- EXERCISE INPUTS -
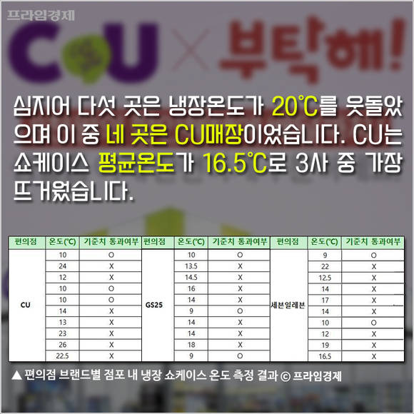 심한 경우 20℃가 넘는 점포도 다섯 곳이나 됐고 이 중 네 곳은 CU 매장이었습니다. CU뿐 아니라 전체 조사대상의 80% 가까운 점포가 규정을 어겼고 위생상태에도 문제가 심각했습니다.
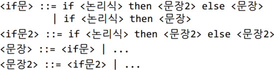 ![]() else문 앞에 나온 if문들 중 다른 else문과 짝이 되지 않은 가장 가까운 if문과 짝이 되도록 함 |
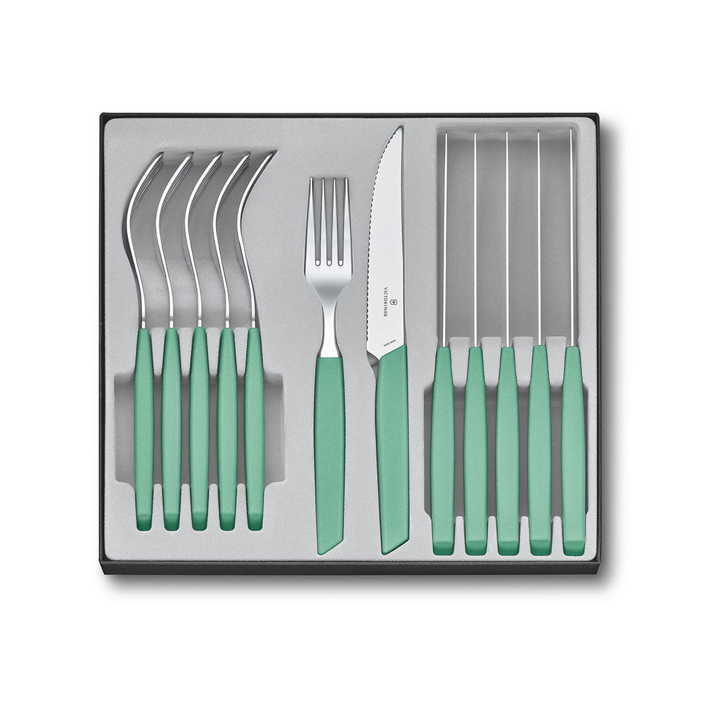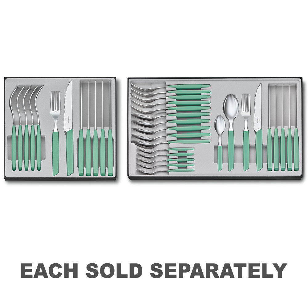 - Contenuto della scatola: 1 set di posate moderne Swiss Victorinox, 12 pezzi: forchette per la cena 6 x, 6 coltelli da bistecca/pizza, materiale per lama: acciaio inossidabile, colore: verde menta, oggetto n. : 6.9096.12w41.12
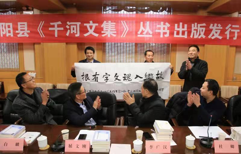 《千河文集》共7本,由團(tuán)結(jié)出版社出版發(fā)行。分別是:楊江海的《千山拾遺》、楊惠強(qiáng)的《胎記》、楊紅芳的《且放白鹿青崖間》、朱維的《九品官上樹》、王艾迎的《無言的暖鍋》、魏愛云的《在自己的小城里旅行》、鄭江泉的《觸摸呢喃的土地》。
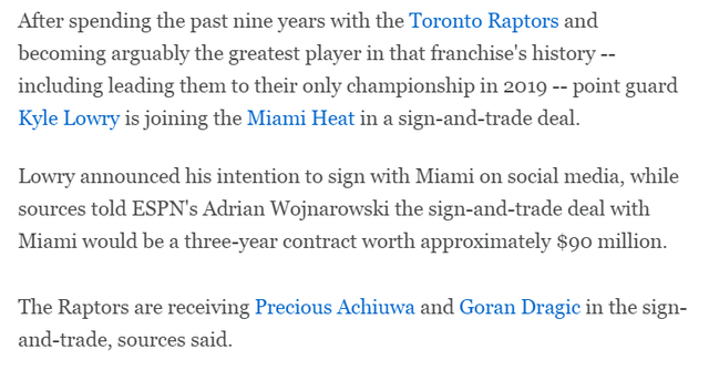 根据The Athletic知名记者Shams Charania的报道,自由球员凯尔·洛瑞已经通过先签后换的方式确定加盟热火,并且将与热火队签下一份3年价值9000万美元的合同,随后洛瑞本人也在社媒上晒出了相关内容,确认了这一消息。
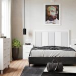 Dormitorio Puzzle 13 en blanco, con patas plata de 12 cm de altura y tiradores plata. Incluye dos mesitas de noche, una cómoda y un espejo.
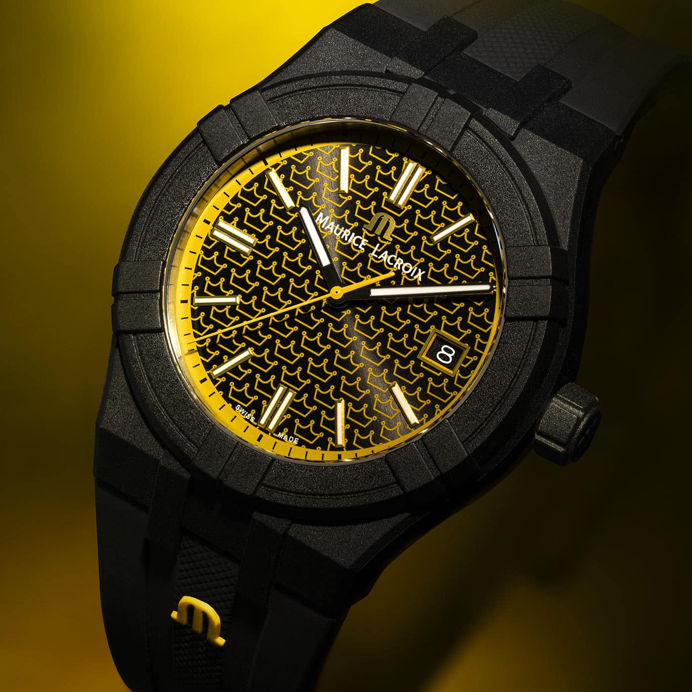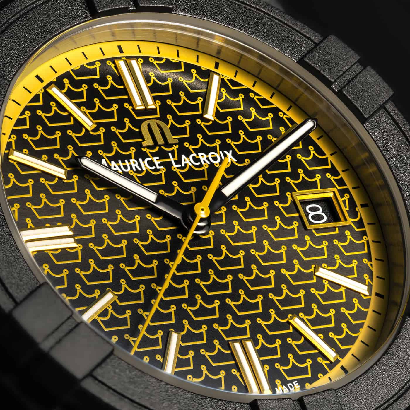 Zegarek Maurice Lacroix w specjalnej edycji KOTC od frontu zabezpieczony został wysoce odpornym na zarysowania szafirowym szkłem z podwójnym antyrefleksem. Pod transparentnym oknem producent umieścił czarną tarczę ozdobioną wzorem w postaci złotej korony. Aktualną godzinę wskazują czarne wskazówki godzinowa i minutowa, której towarzyszy żółta kontrastowa wskazówka sekundowa. Wskazówka godzinowa i minutowa jak i znaczniki godzinowe wyposażone zostały w świecącą masę Super-LumiNova® Swiss Made. Pomoże ona odczytać aktualną godzinę w gorszych warunkach oświetleniowych. Godzina trzecia na tarczy zarezerwowana została dla okna datownika, które wskazuje aktualny dzień miesiąca.
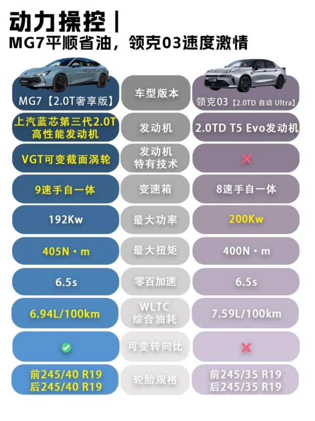俩车都是2.0T,领克03调得比较冲,油门跟脚,开起来很“跟手”,适合爱开车的人,不过得吃95号“细粮”。MG7配的是9AT,换挡更平顺,日常通勤很舒服,过弯很稳,喝92号油就行,长远看能省一点。
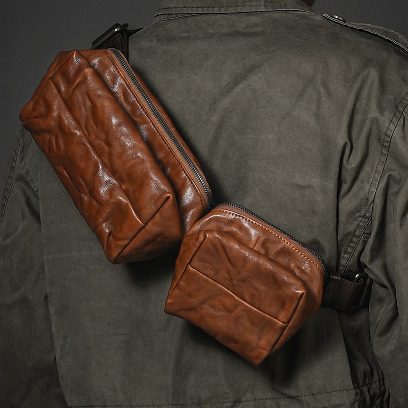 吉卡尼 胸包男款潮牌个性斜跨百搭运动包相机牛皮小背包骑行男包
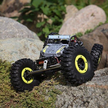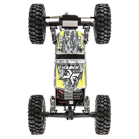 The ECX 1/18 Temper Gen2 4WD Rock Crawler is built to tackle any environment. This new and improved version builds upon the original Temper s outstanding reputation and sets the standard all other mini crawlers must follow. It sports a stylish and aggressive look with matching wheel rings, plus hidden compartment for the battery tray. The LED light bar keeps the fun going even after the sun goes down. A true 4-link suspension with improved articulation and strength is a substantial upgrade, while the larger servo mount and aluminum steering links allow for bigger servos to handle a higher power output. Designed for the consumer looking to join the scale movement, this crawler has everything needed to attack any terrain. Its high torque 380-size 32T brushed motor and waterproof electronics make hitting the trail easy. Grab some wood, some rocks, dig a few holes and you can create a course in minutes! Plus, you get all of this excitement without breaking your budget.
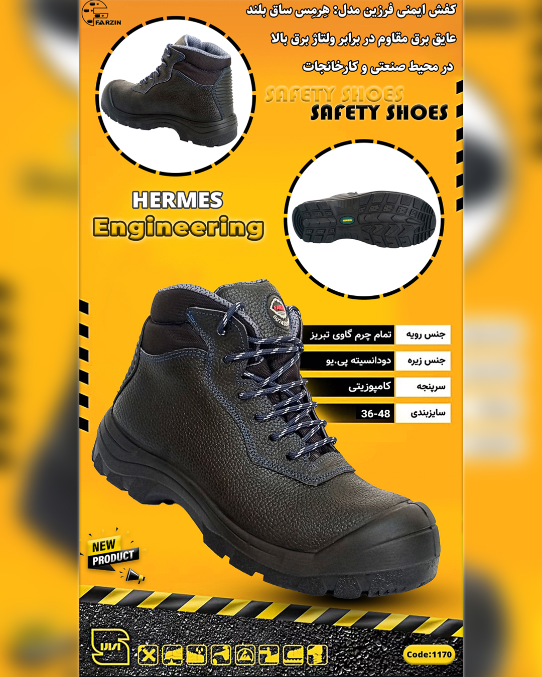 • کفش ایمنی فرزین مدل هرمس ساق بلند عایق برق کد 1170A
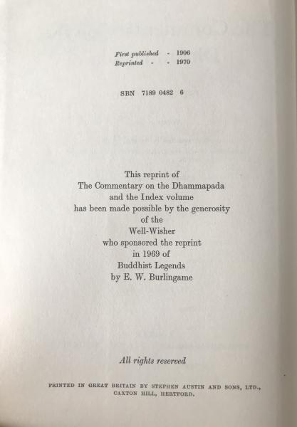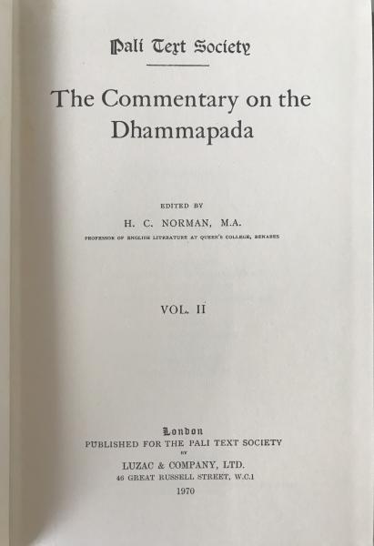 The Commentary on the Dhammapada, Vol. II - Pali Text Society Reprint, 1970 1
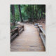 Uma ponte de madeira continua para dentro da floresta no Parque Nacional de Yosemite.
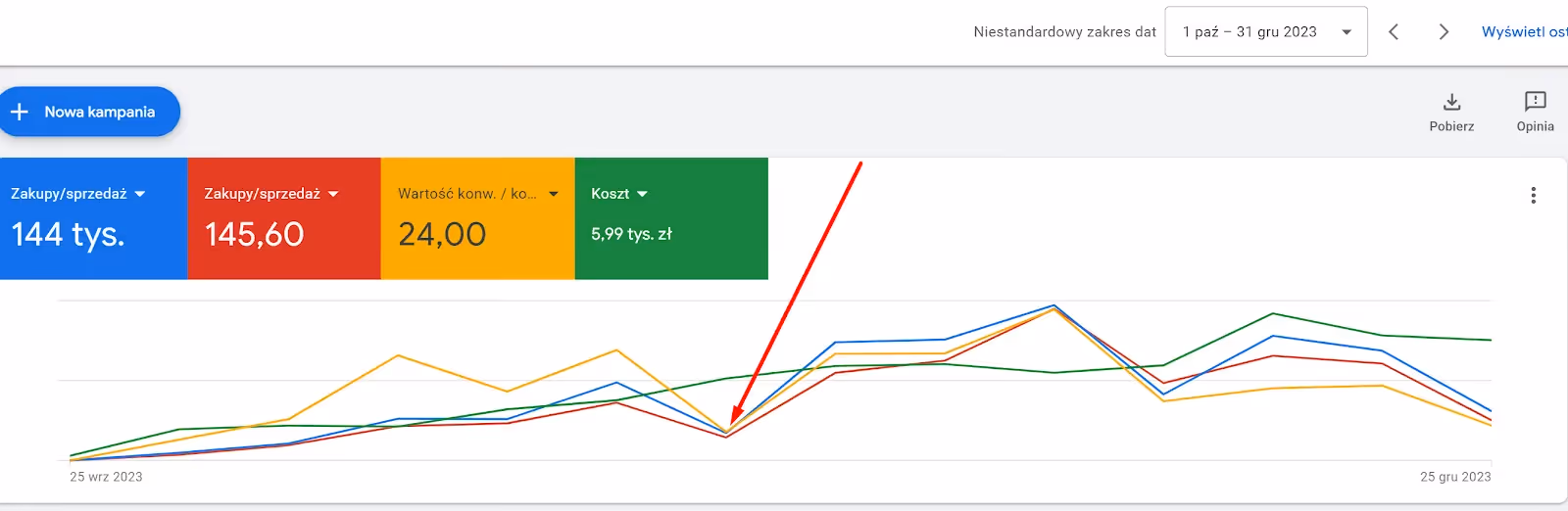 Panel Google Ads od 1.10.23 do 31.12.2023, Zawiera: obrót, ilość konwersji, ROAS, koszt kampanii. Zaznaczony na nim został moment największego spadku na koncie.
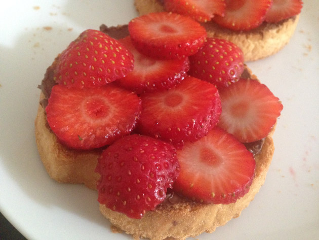 En beschuit met Nutella en aardbeien als lunch. Echt een traktatie!
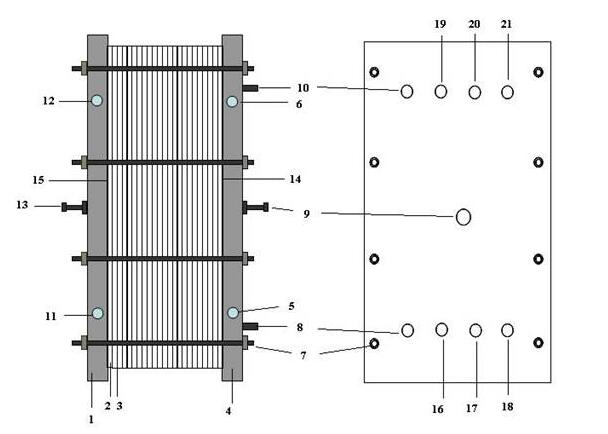 (1)陽極導(dǎo)流板;(2)彈性隔板;(3)膜;(4)陰極導(dǎo)流板;(5) 陰極液進水口;(6)陰極液出水口;(7)緊固螺栓;(9)陰極接線柱;(11)陽極液進水口;(12)陽極液出水口;(13)陽極接線柱;(14)陰極;(15)陽極;
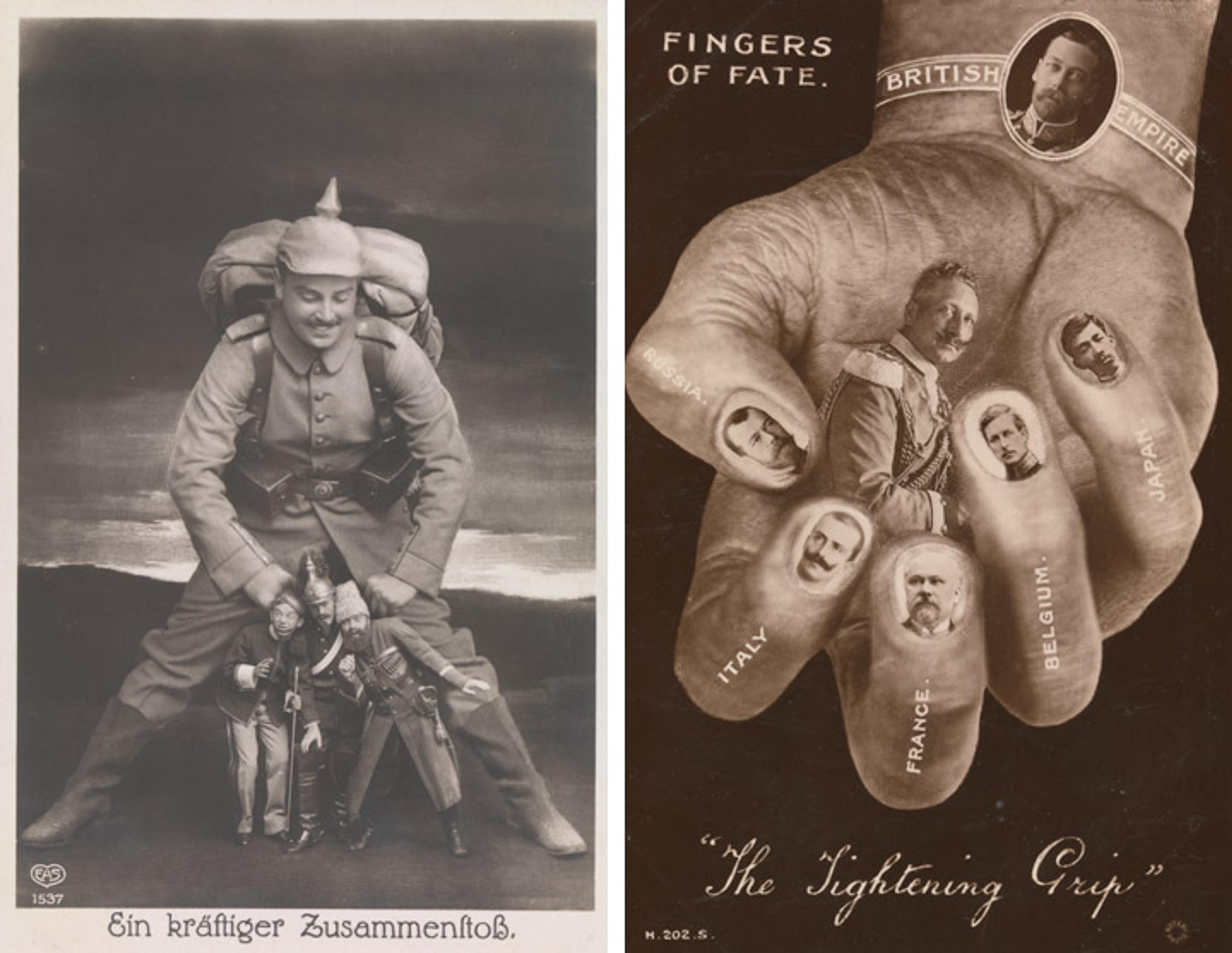 They could be imbued with humor, as in A Powerful Collision, which shows the German soldier knocking together the heads of doll-like figures representing France, Britain, and Russia. You don't get a sense of death or destruction; it's more like a cat's game of playing with toy mice without real consequences or death. The same is true for Fingers of Fate—The Tightening Grip; there's no real threat of physical violence. It's a sanitized version of what the war was, but these images, along with other postcards showing zeppelins flying above cultural icons and monuments, were designed to inspire the members of the country that issued the card, as well as to instill fear in the country depicted. There's something about these postcards that could maintain an enthusiasm because they were so affordable, easy to mass-produce, and they could be carried to war, collected, and exchanged.
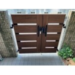 門柱を新たに建てると扉が小さくなってしまうので、既存の吊元金具を再利用して扉の大きさを変えず。なおかつ玄関ドアと同じウッディ調に仕上げさせていただきました。
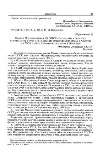 Приложение 1 к записке Центрального совета Союза спортивных обществ и организаций СССР в ЦК КПСС. Проект постановления ЦК КПСС «Об участии советских спортсменов в 1964 г. в IX зимних Олимпийских играх в Австрии и в XVIII летних Олимпийских играх в Японии». [Не позднее 20 февраля 1963 г.] // РГАНИ. Ф. 3. Оп. 16. Д. 245. Л. 65-66. Подлинник.
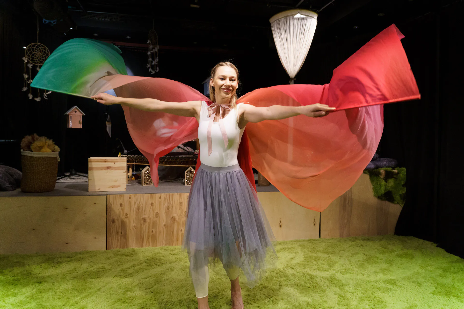 Podczas „Łąki” trudno usiedzieć w miejscu. Najbardziej zatwardziali rodzice, koniec końców, sami łapią za nitki babiego lata, rozwieszając je nad sceną. Z twarzy dzieci nie znika uśmiech i ciekawość, co jeszcze zobaczą podczas tej krótkiej podróży za róg lasu i polnej dróżki. Opowieść o życiu zwierząt i roślin łączy walory edukacyjne z tymi czysto rozrywkowymi. Twórcy priorytetowo stawiają na swobodę. Podkreślają to, rezygnując z tradycyjnego podziału na scenę i widownię. Dagmara Bąk z gracją i subtelnością, niczym kameleon zamienia się na oczach dzieci w kolejne zwierzęta. Zwinnie omijając biegających najnajów, prowadzi ich przez sceniczną narrację namawiając do działania i próbowania nowych rzeczy. Integracja z przestrzenią i innymi uczestnikami wznosi „Łąkę” na poziom czegoś na kształt performansu i instalacji artystycznej, w których twórcy z czułością przyglądają się reakcjom małych odbiorców. A te potrafią zaskoczyć nawet rodziców!

- HOW TO COMPLETE THIS TASK -
Every record is to be repeated exactly, and no picture is carried over.

- ANSWER BELOW -
 심한 경우 20℃가 넘는 점포도 다섯 곳이나 됐고 이 중 네 곳은 CU 매장이었습니다. CU뿐 아니라 전체 조사대상의 80% 가까운 점포가 규정을 어겼고 위생상태에도 문제가 심각했습니다.
 ![]() else문 앞에 나온 if문들 중 다른 else문과 짝이 되지 않은 가장 가까운 if문과 짝이 되도록 함 |
 - Contenuto della scatola: 1 set di posate moderne Swiss Victorinox, 12 pezzi: forchette per la cena 6 x, 6 coltelli da bistecca/pizza, materiale per lama: acciaio inossidabile, colore: verde menta, oggetto n. : 6.9096.12w41.12
 《千河文集》共7本,由團(tuán)結(jié)出版社出版發(fā)行。分別是:楊江海的《千山拾遺》、楊惠強(qiáng)的《胎記》、楊紅芳的《且放白鹿青崖間》、朱維的《九品官上樹》、王艾迎的《無言的暖鍋》、魏愛云的《在自己的小城里旅行》、鄭江泉的《觸摸呢喃的土地》。
 根据The Athletic知名记者Shams Charania的报道,自由球员凯尔·洛瑞已经通过先签后换的方式确定加盟热火,并且将与热火队签下一份3年价值9000万美元的合同,随后洛瑞本人也在社媒上晒出了相关内容,确认了这一消息。
 Dormitorio Puzzle 13 en blanco, con patas plata de 12 cm de altura y tiradores plata. Incluye dos mesitas de noche, una cómoda y un espejo.
 Zegarek Maurice Lacroix w specjalnej edycji KOTC od frontu zabezpieczony został wysoce odpornym na zarysowania szafirowym szkłem z podwójnym antyrefleksem. Pod transparentnym oknem producent umieścił czarną tarczę ozdobioną wzorem w postaci złotej korony. Aktualną godzinę wskazują czarne wskazówki godzinowa i minutowa, której towarzyszy żółta kontrastowa wskazówka sekundowa. Wskazówka godzinowa i minutowa jak i znaczniki godzinowe wyposażone zostały w świecącą masę Super-LumiNova® Swiss Made. Pomoże ona odczytać aktualną godzinę w gorszych warunkach oświetleniowych. Godzina trzecia na tarczy zarezerwowana została dla okna datownika, które wskazuje aktualny dzień miesiąca.
俩车都是2.0T,领克03调得比较冲,油门跟脚,开起来很“跟手”,适合爱开车的人,不过得吃95号“细粮”。MG7配的是9AT,换挡更平顺,日常通勤很舒服,过弯很稳,喝92号油就行,长远看能省一点。
 吉卡尼 胸包男款潮牌个性斜跨百搭运动包相机牛皮小背包骑行男包
 The ECX 1/18 Temper Gen2 4WD Rock Crawler is built to tackle any environment. This new and improved version builds upon the original Temper s outstanding reputation and sets the standard all other mini crawlers must follow. It sports a stylish and aggressive look with matching wheel rings, plus hidden compartment for the battery tray. The LED light bar keeps the fun going even after the sun goes down. A true 4-link suspension with improved articulation and strength is a substantial upgrade, while the larger servo mount and aluminum steering links allow for bigger servos to handle a higher power output. Designed for the consumer looking to join the scale movement, this crawler has everything needed to attack any terrain. Its high torque 380-size 32T brushed motor and waterproof electronics make hitting the trail easy. Grab some wood, some rocks, dig a few holes and you can create a course in minutes! Plus, you get all of this excitement without breaking your budget.
 • کفش ایمنی فرزین مدل هرمس ساق بلند عایق برق کد 1170A
 The Commentary on the Dhammapada, Vol. II - Pali Text Society Reprint, 1970 1
 Uma ponte de madeira continua para dentro da floresta no Parque Nacional de Yosemite.
 Panel Google Ads od 1.10.23 do 31.12.2023, Zawiera: obrót, ilość konwersji, ROAS, koszt kampanii. Zaznaczony na nim został moment największego spadku na koncie.
 En beschuit met Nutella en aardbeien als lunch. Echt een traktatie!
 (1)陽極導(dǎo)流板;(2)彈性隔板;(3)膜;(4)陰極導(dǎo)流板;(5) 陰極液進水口;(6)陰極液出水口;(7)緊固螺栓;(9)陰極接線柱;(11)陽極液進水口;(12)陽極液出水口;(13)陽極接線柱;(14)陰極;(15)陽極;
 They could be imbued with humor, as in A Powerful Collision, which shows the German soldier knocking together the heads of doll-like figures representing France, Britain, and Russia. You don't get a sense of death or destruction; it's more like a cat's game of playing with toy mice without real consequences or death. The same is true for Fingers of Fate—The Tightening Grip; there's no real threat of physical violence. It's a sanitized version of what the war was, but these images, along with other postcards showing zeppelins flying above cultural icons and monuments, were designed to inspire the members of the country that issued the card, as well as to instill fear in the country depicted. There's something about these postcards that could maintain an enthusiasm because they were so affordable, easy to mass-produce, and they could be carried to war, collected, and exchanged.
 門柱を新たに建てると扉が小さくなってしまうので、既存の吊元金具を再利用して扉の大きさを変えず。なおかつ玄関ドアと同じウッディ調に仕上げさせていただきました。
 Приложение 1 к записке Центрального совета Союза спортивных обществ и организаций СССР в ЦК КПСС. Проект постановления ЦК КПСС «Об участии советских спортсменов в 1964 г. в IX зимних Олимпийских играх в Австрии и в XVIII летних Олимпийских играх в Японии». [Не позднее 20 февраля 1963 г.] // РГАНИ. Ф. 3. Оп. 16. Д. 245. Л. 65-66. Подлинник.
 Podczas „Łąki” trudno usiedzieć w miejscu. Najbardziej zatwardziali rodzice, koniec końców, sami łapią za nitki babiego lata, rozwieszając je nad sceną. Z twarzy dzieci nie znika uśmiech i ciekawość, co jeszcze zobaczą podczas tej krótkiej podróży za róg lasu i polnej dróżki. Opowieść o życiu zwierząt i roślin łączy walory edukacyjne z tymi czysto rozrywkowymi. Twórcy priorytetowo stawiają na swobodę. Podkreślają to, rezygnując z tradycyjnego podziału na scenę i widownię. Dagmara Bąk z gracją i subtelnością, niczym kameleon zamienia się na oczach dzieci w kolejne zwierzęta. Zwinnie omijając biegających najnajów, prowadzi ich przez sceniczną narrację namawiając do działania i próbowania nowych rzeczy. Integracja z przestrzenią i innymi uczestnikami wznosi „Łąkę” na poziom czegoś na kształt performansu i instalacji artystycznej, w których twórcy z czułością przyglądają się reakcjom małych odbiorców. A te potrafią zaskoczyć nawet rodziców!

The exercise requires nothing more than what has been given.